Peat production and mining
- Updated (08.01.2020)
|67) Reduce the degradation of ecosystem services due to business operations, such as peat production and mining, for example, by reducing environmental impacts detrimental to nature and recreational use, and to traditional Sámi livelihoods, particularly where discharges into water and other emissions are involved, by enhancing the effectiveness of the sector’s own environmental protection measures, implemented using the best available technology.
|Responsible institutions: Ministry of Employment and the Economy, Ministry of the Environment
Status in 2018: The communication and exchange of information between the environmental administration and mining corporations have been improved. A voluntary environmental certificate has been introduced for mines. In 2015, the environmental authorities and mining corporations organised for the first time the joint event ”Environment and Mining”, which included discussions on, for example, legislative requirements and technological development.

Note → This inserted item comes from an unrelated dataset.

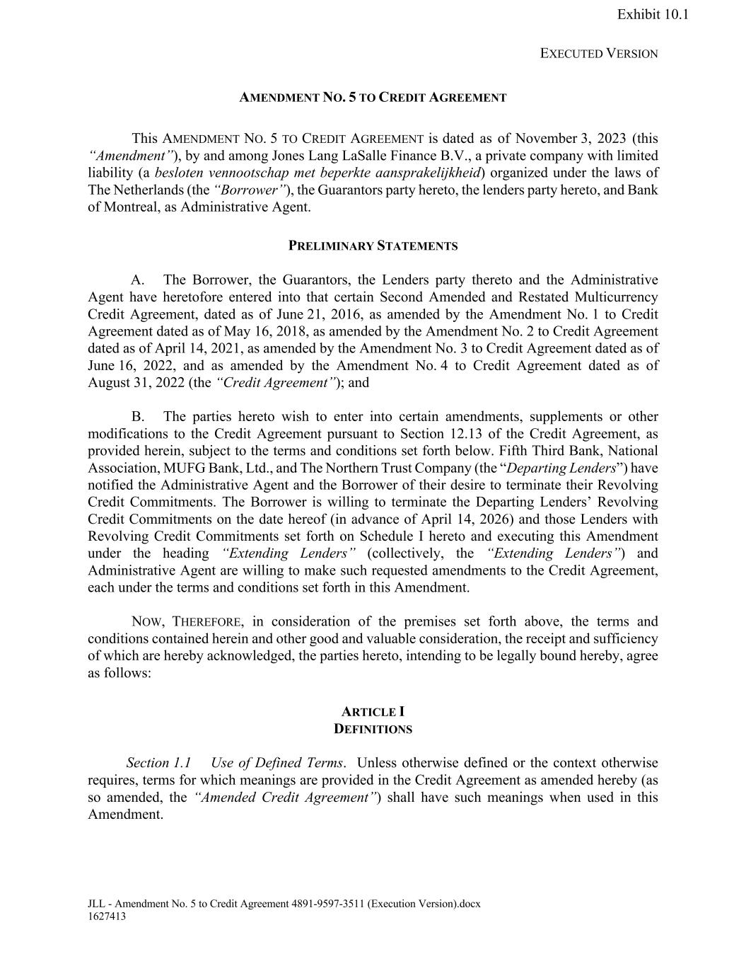 EXECUTED VERSION JLL - Amendment No. 5 to Credit Agreement 4891-9597-3511 (Execution Version).docx 1627413 AMENDMENT NO. 5 TO CREDIT AGREEMENT This AMENDMENT NO. 5 TO CREDIT AGREEMENT is dated as of November 3, 2023 (this “Amendment”), by and among Jones Lang LaSalle Finance B.V., a private company with limited liability (a besloten vennootschap met beperkte aansprakelijkheid) organized under the laws of The Netherlands (the “Borrower”), the Guarantors party hereto, the lenders party hereto, and Bank of Montreal, as Administrative Agent. PRELIMINARY STATEMENTS A. The Borrower, the Guarantors, the Lenders party thereto and the Administrative Agent have heretofore entered into that certain Second Amended and Restated Multicurrency Credit Agreement, dated as of June 21, 2016, as amended by the Amendment No. 1 to Credit Agreement dated as of May 16, 2018, as amended by the Amendment No. 2 to Credit Agreement dated as of April 14, 2021, as amended by the Amendment No. 3 to Credit Agreement dated as of June 16, 2022, and as amended by the Amendment No. 4 to Credit Agreement dated as of August 31, 2022 (the “Credit Agreement”); and B. The parties hereto wish to enter into certain amendments, supplements or other modifications to the Credit Agreement pursuant to Section 12.13 of the Credit Agreement, as provided herein, subject to the terms and conditions set forth below. Fifth Third Bank, National Association, MUFG Bank, Ltd., and The Northern Trust Company (the “Departing Lenders”) have notified the Administrative Agent and the Borrower of their desire to terminate their Revolving Credit Commitments. The Borrower is willing to terminate the Departing Lenders’ Revolving Credit Commitments on the date hereof (in advance of April 14, 2026) and those Lenders with Revolving Credit Commitments set forth on Schedule I hereto and executing this Amendment under the heading “Extending Lenders” (collectively, the “Extending Lenders”) and Administrative Agent are willing to make such requested amendments to the Credit Agreement, each under the terms and conditions set forth in this Amendment. NOW, THEREFORE, in consideration of the premises set forth above, the terms and conditions contained herein and other good and valuable consideration, the receipt and sufficiency of which are hereby acknowledged, the parties hereto, intending to be legally bound hereby, agree as follows: ARTICLE I DEFINITIONS Section 1.1 Use of Defined Terms. Unless otherwise defined or the context otherwise requires, terms for which meanings are provided in the Credit Agreement as amended hereby (as so amended, the “Amended Credit Agreement”) shall have such meanings when used in this Amendment. Exhibit 10.1

The network for sustainable mining started in 2014, and it has been developing a environmental certification system for mines, in which class C denotes that the requirements are fulfilled, and the best possible class is AAA. The classification system will be customised to Finnish conditions.
The consequences of mining for inland waters and water management have been scrutinised especially after the damming accident of Talvivaara. In the extensive Kaihali Project, the water assessment system was extended to assess the dilution of mining waters and an operating model was generated to restore polluted lakes.

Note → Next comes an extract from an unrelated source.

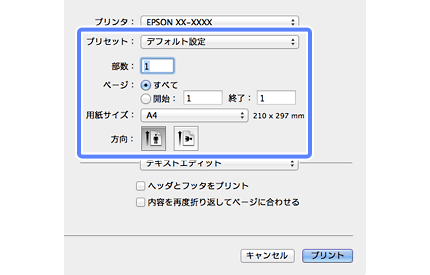 ここでは、Mac OS Xに付属のソフトウェア「テキストエディット」を例にして、印刷の基本手順を説明します。
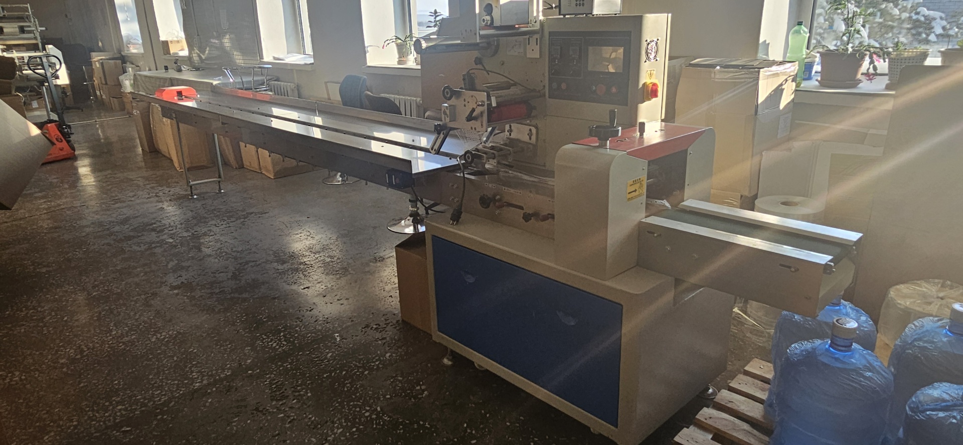 Флоу-пак конвейр в отличном состоянии. Все работает. Использовался мало. 2020 года, 4 метра, счетчик. Продается в связи с покупкой другого оборудования.

In the 2010s, peat production facilities have developed water management by establishing more than 100 overland flow fields for nutrent and organic compound retention. In addition, in some areas, chemicals have been introduced and dams of limestone have been built to neutralise acidic waters. Since 2012, the water conservation outcome of old production facilities has been enhanced so that all areas have at least one wetland or field for overland flow. In the environmental licences of new production facilities, an all-year field for overland flow is required.

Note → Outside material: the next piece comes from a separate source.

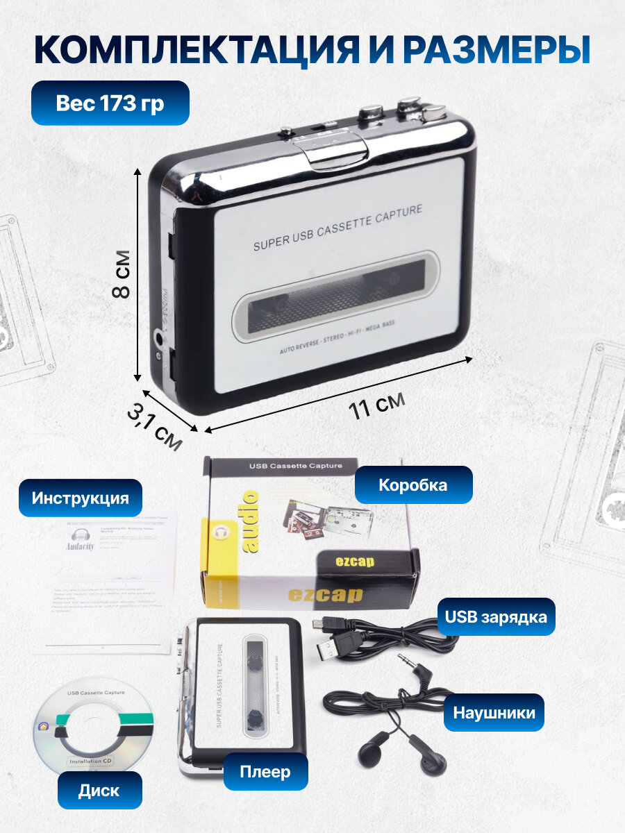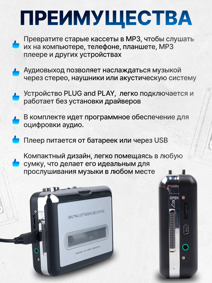 10 цен на Кассетный MP3 плеер проигрыватель с оцифровкой аудиокассет с USB
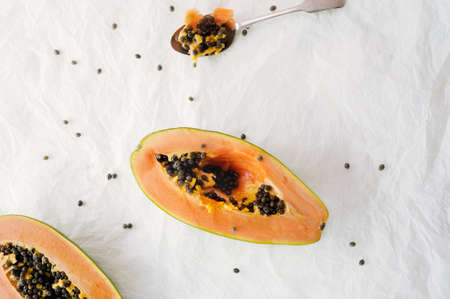 Half of ripe papaya fruit on white background, Remove seeds

The supervision of the water protection of production facilities has been increased, and the water pollution load is being measured continuously throughout the year. At its most extensive phase, there were over 30 measurement stations, and now there are ten.
The transition of areas from peat production for other land use purposes has been accelerated. The most common alternatives are reforestation, cultivation or wetlands. By the end of 2018, about 1500 hectares (60 sites) of peat production areas have been transformed into wetlands. Thanks to quick succession, the wetlands develop quickly into biodiverse areas and sanctuaries for birds.